Alex Ponte-Capellan, one of the organizers with City Life/Vida Urbana, says his organization has received over 2,000 calls in the past few months from residents seeking help with a possible eviction. Organizers have been connecting callers with legal assistance and financial assistance through RAFT, the fund for homeowners and families to which the governor’s Eviction Diversion Initiative just allocated an additional $100 million.
“Right now, the reason why people are calling is because people have lost their jobs and can’t afford rent,” Ponte-Capellan said in an interview after last week’s State House demonstration.
The group marched from Boston Housing Court around the corner to the State House, taping signs to the sidewalk that read “Connect the dots,” to highlight the cause-and-effect of the state’s inaction.
“We started a new database where we’re recording all of the new cases that we’ve gotten, and we’re following up on a lot of those cases. But the vast majority of those cases are still waiting to hear back from RAFT,” said Ponte-Capellan.
Though many have been calling for an extension to the eviction moratorium up to this point, Ponte-Capellan is more focused on the direct assistance promised by the proposed Housing Stability Act that advocates have been pushing for since June.

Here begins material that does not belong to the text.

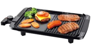 Es decir, debemos precalentar la plancha a la mayor temperatura posible minutos antes de comenzar a cocinar, igual que hacemos con el horno media hora antes de introducir un rico bizcocho. Una vez alcanzada la temperatura, colocamos la carne y reducimos la intensidad de la misma hasta alcanzar una temperatura media con su cómodo termostato en forma de ruleta, de esta forma evitaremos que la carne se queme por fuera.

“The moratorium isn’t the solution. It’s just holding back the waters, like a levee,” he said. Giving renters more time to come up with an agreement with their landlord, and landlords more money to make mortgage payments, he said, is the most comprehensive solution.

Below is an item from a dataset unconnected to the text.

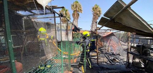 Die Feuerwehr von Arinaga und Telde kam am Montag auf einer Finca in Las Rosas Viejas in Agüimes zum Einsatz. Dort brannte ein Schuppen und ein kleines Haus. Aus dem brennenden Stall wurden mehrere Hunde der Rasse Presa Canario und Vögel gerettet. Um den Brand zu löschen benötigte die Feuerwehr 10.000 Liter Wasser.

On Wednesday, Oct. 14, City Life/Vida Urbana, Homes for All Massachusetts, Right to the City Boston and more marched from Red Rock Park in Lynn to the governor’s house in Swampscott, demanding he sign a pledge to pass the Housing Stability Act. According to Right to the City organizer Andres del Castillo, state troopers at the governor’s home would not allow demonstrators to leave the document there.

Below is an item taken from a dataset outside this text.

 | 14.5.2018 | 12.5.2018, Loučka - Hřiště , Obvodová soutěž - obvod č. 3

“It’s essentially a surrender on his part, to the future of Massachusetts tenants and homeowners, because he’s saying, ‘There’s an eviction crisis coming, so let’s hire more judges. Let’s expand the eviction infrastructure,’” del Castillo said. This facet of the governor’s Eviction Diversion Initiative — adding judges to process the increased amount of eviction cases — is one of many pieces under scrutiny.
Connolly made a move the next day to extend the moratorium again, this time to give more time for the governor’s assistance to take hold. He told WBUR that he filed an emergency petition that would halt evictions until Jan. 1, 2021, but it was unsuccessful, since the House hasn’t had a formal session in two-and-a-half months.
While activists have been consistently calling, marching, and spreading the word about the wave of evictions, del Castillo also pointed out that there is a non-political fight on the horizon.
“Once the 17th hits, we need to also brace for what it’s going to look like on the ground,” he said. “We’re going to have to respond to the direct needs of our communities.”